Velcade Retreatment Safe, Effective for Relapsed Myeloma

March 1, 2007

Repeated treatments with bortezomib (Velcade) for relapsed multiple myeloma are safe and effective, and are not associated with new or cumulative toxicities

ORLANDO—Repeated treatments with bortezomib (Velcade) for relapsed multiple myeloma are safe and effective, and are not associated with new or cumulative toxicities, according to posters presented at the 48th Annual Meeting of the American Society of Hematology.

"The efficacy and safety of single-agent bortezomib in relapsed multiple myeloma are well established. It is reassuring to know that using bortezomib again in this setting is also safe and effective, and can improve disease outcomes even in patients who did not respond to their first treatment of Velcade," said Roy Beveridge, MD, of Inova Fairfax Hospital, Falls Church, Virginia.

Dr. Beveridge and lead author Therese M. Conner, PhD, of US Oncology, Houston, presented the results of an observational, retrospective analysis of 94 relapsed multiple myeloma patients who were identified from the US Oncology database (abstract 3531). The patients had received at least two bortezomib-based treatments between May 2003 and November 2005, and there was a gap of at least 60 days between each treatment.

During their first treatment, the patients received a median of 16 doses of bortezomib and in their second treatment, a median of 12 doses. The median time between the first and second bortezomib treatment was 5 months (range, 2 to 17 months). Of note, two patients in each treatment period received more than 60 bortezomib doses. The majority (55%) received single-agent bortezomib without intervening therapies between their first and second bortezomib treatment.
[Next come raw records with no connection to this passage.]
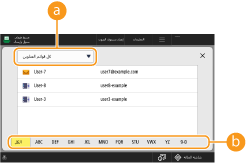 عند تسجيل الدخول إلى الجهاز باستخدام إدارة المصادقة الشخصية، يؤدي تحديد <قائمة عناوين شخصية> إلى عرض دليل العناوين الشخصي.
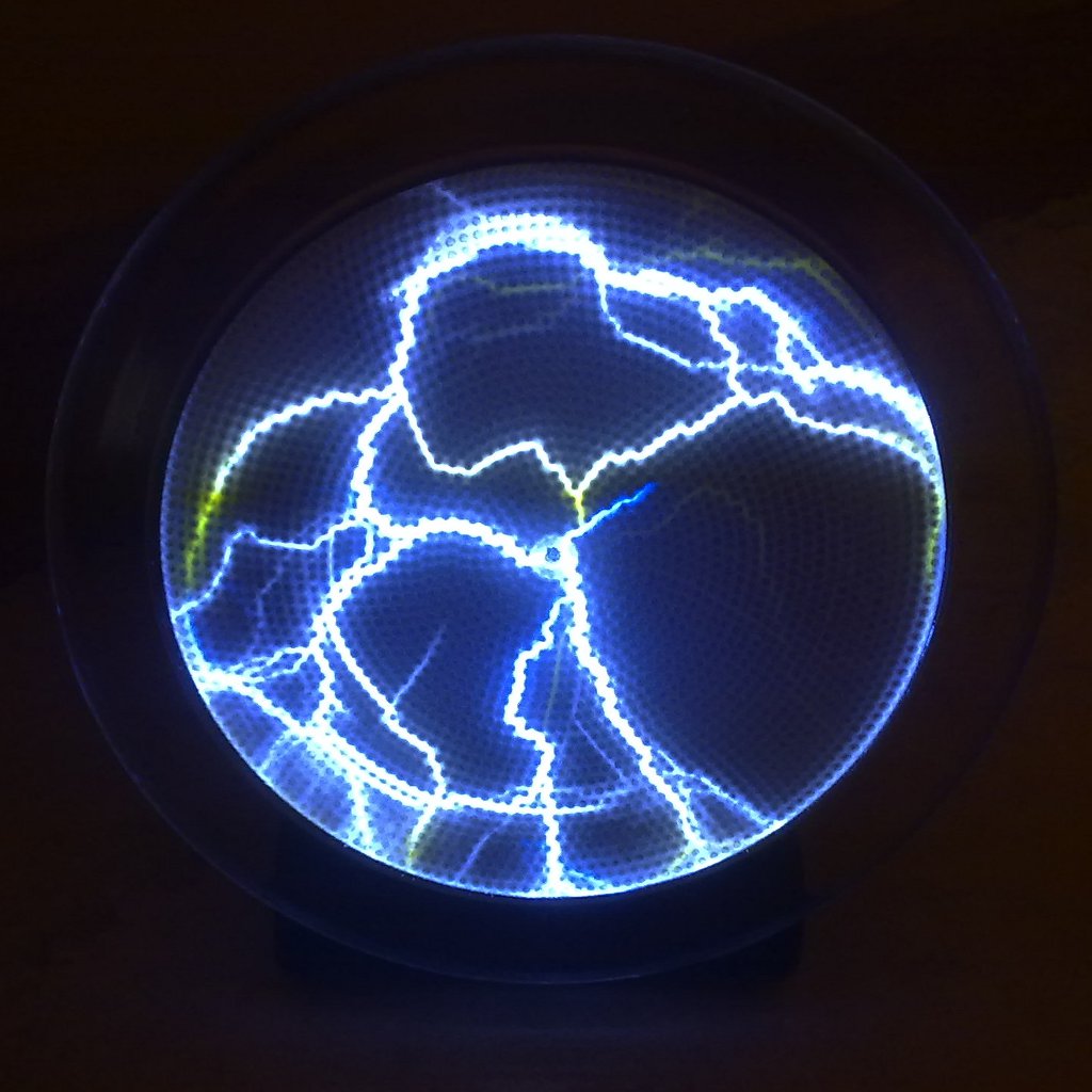 A crackle tube is a type of plasma lamp that is used most commonly in museums, night clubs, movie sets, and other applications where its appearance may be appealing for entertainment. Such a device consists of a double walled glass tube with a hollow center. The cavity between the inner and outer glass tubes is filled with thousands of small phosphor coated glass beads. A 5–14 kV transformer produces a low power gas discharge in the bead filled cavity, producing filaments of light that simulate lightning. Crackle tubes get their name not because of the sound they produce but rather because of the appearance of their internal behavior. The “lightning” (filaments or streamers) is forced around and in between the phosphor-coated glass beads, due to the beads’ dielectric nature. In so doing, the phosphor is excited by the electrical energy and fluoresces producing visible light. Like plasma globes, crackle tubes respond to touch; the filaments appear to be “attracted” toward the point of contact and usually become more luminous (brighter) as the electricity is grounded. The tubes are also filled with a noble gas like neon, argon, or xenon which acts as the electron transfer medium of the cavity. The gas is typically below atmospheric pressure.
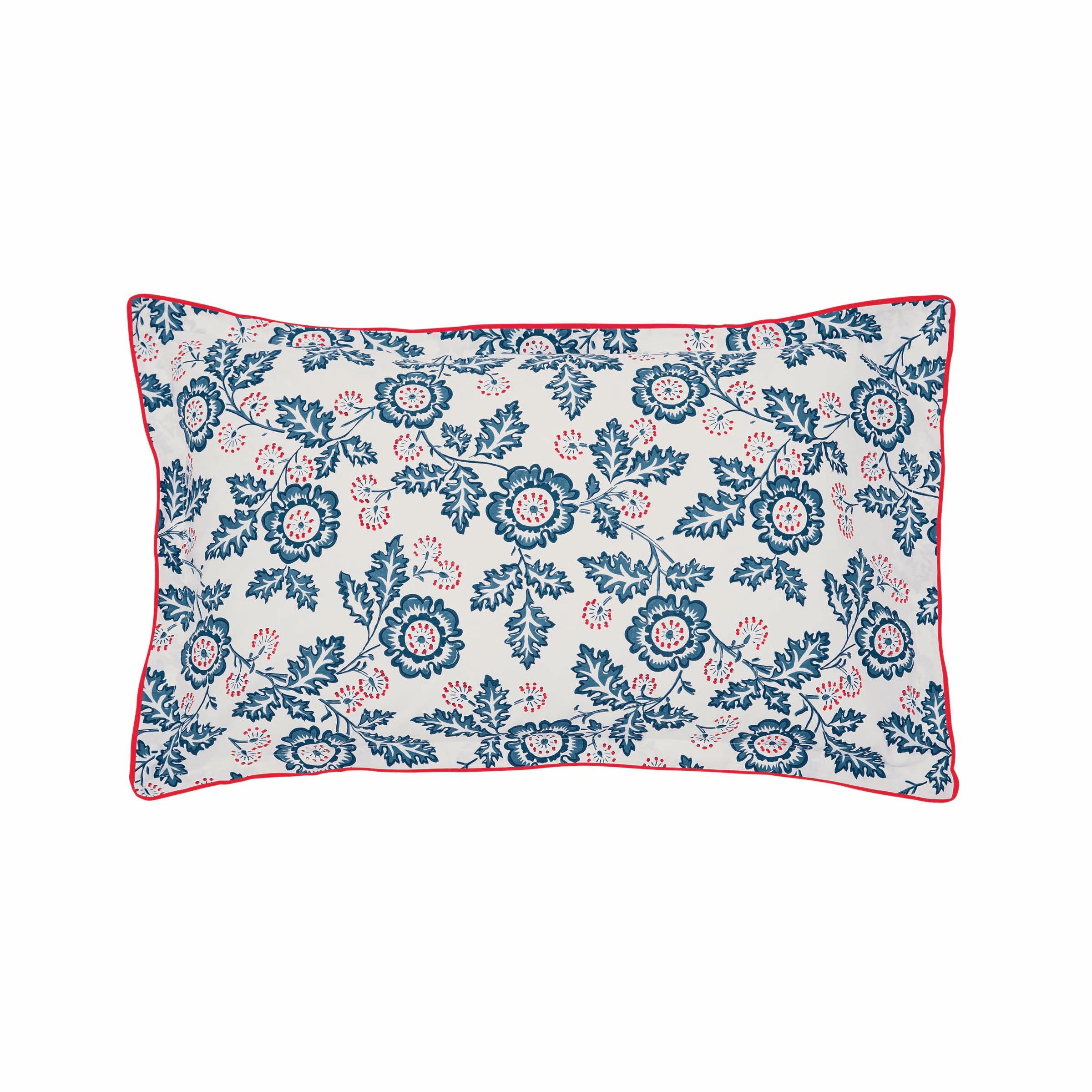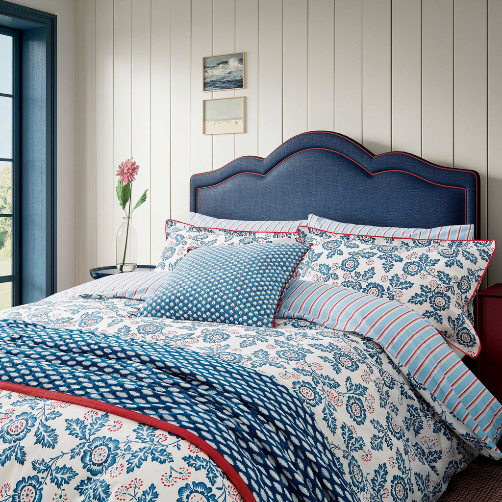 A beautifully fresh floral design in blue, white and red. With an all-over floral, branch design with an elegant stripe pattern to the reverse & standard pillowcase. 180 thread count, BCI cotton percale.
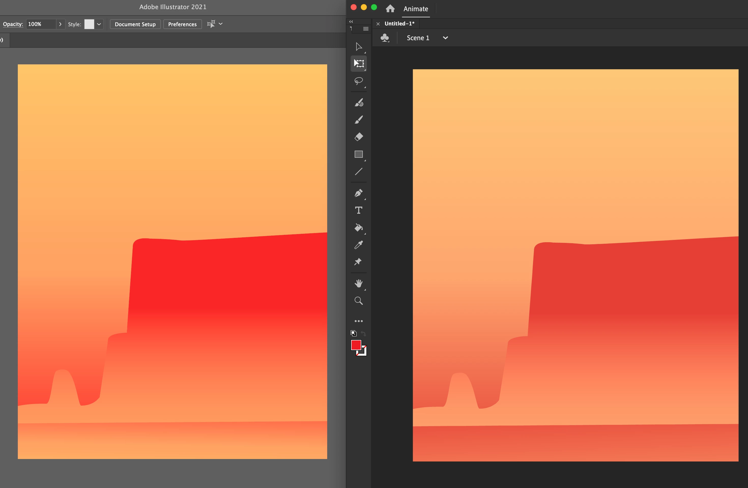 When importing files from Adobe Illustrator to Adobe Animat, the colours change slightly in AN to a more faded and dull version (see screenshot).
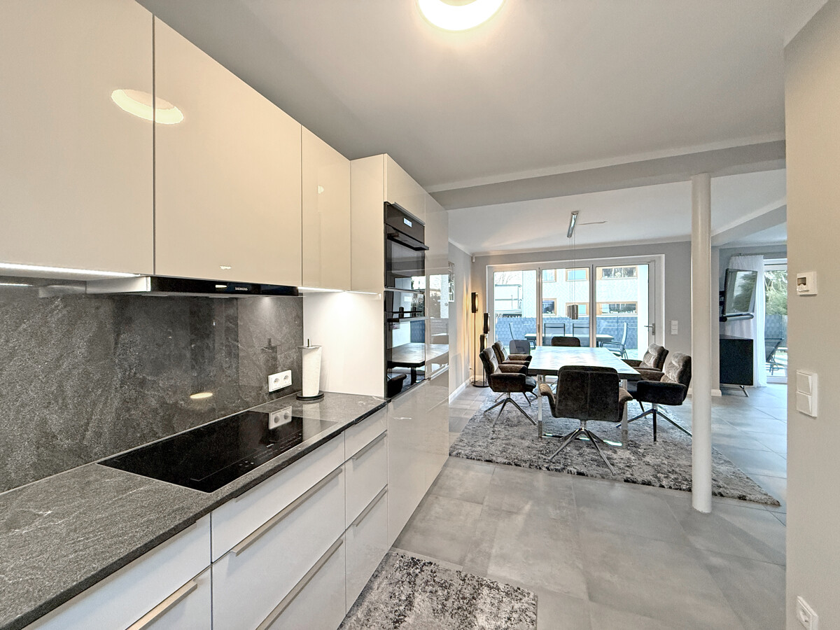 Die moderne Einbauküche verfügt über glatte Fronten, eine dunkle Arbeitsplatte sowie Einbaugeräte in praktischer Hochschranklösung mit Backofen und Mikrowelle. Unterbauleuchten sorgen für eine angenehme Arbeitsbeleuchtung.

In response to initial therapy, 57% of patients achieved a partial response or better. When these patients were treated again with bortezomib, 32% achieved at least a partial response. Of all patients in the analysis, an overall response rate of 20% was achieved with retreatment, regardless of their initial response.

The most common toxicities were neuropathy and thrombocytopenia. Interestingly, noted the investigators, discontinuation of treatment due to neuropathy decreased from 17% on initial treatment to 5% on retreatment.

Patients From Three Studies

In another retrospective analysis of bortezomib retreatment for patients with relapsed multiple myeloma, Jeffrey Lee Wolf, MD, Alta Bates Comprehensive Cancer Center, Berkeley, California, and colleagues reported similar results suggesting that repeated treatment may prolong disease control, even when patients have failed to respond to initial bortezomib treatment (abstract 3532).

They reviewed the records of 22 patients from the SUMMIT, CREST, and APEX registration studies who received retreatment with bortezomib off protocol. Prior to their initial bortezomib-based treatment, these patients had received a median of 3.5 therapies; initial bortezomib produced an overall response rate of 68%. For retreatment, patients received bortezomib for a median of 3.8 months in 5.5 cycles. Most received bortezomib in combination with one or more other agents or radiation therapy.

Of the 15 patients who responded to initial bortezomib, 9 (60%) responded to retreatment. Of the 7 patients who did not respond to their first bortezomib treatment, 2 (29%) responded to retreatment. This was likely due to either longer treatment or the addition of a second agent, Dr. Wolf reported.

No patients required a dose reduction due to peripheral neuropathy during retreatment, compared with four patients who required a dose reduction during their initial treatment. "If the patient had significant neuropathy on initial bortezomib treatment," he said, "we dose reduced for retreatment and hence had fewer occasions when we had to dose reduce further or stop therapy."

Terminating therapy because of toxicity was similar during initial and retreatment phases. Three patients required hospitalization for toxicity during their initial treatment with bortezomib, but no patients needed to be hospitalized during retreatment.

"Velcade retreatment makes sense because initially, we usually don't treat to drug failure; combinations with Velcade are often synergistic; and with careful attention to dosing and dose adjustment, toxicities can be reduced the second time around," Dr. Wolf said.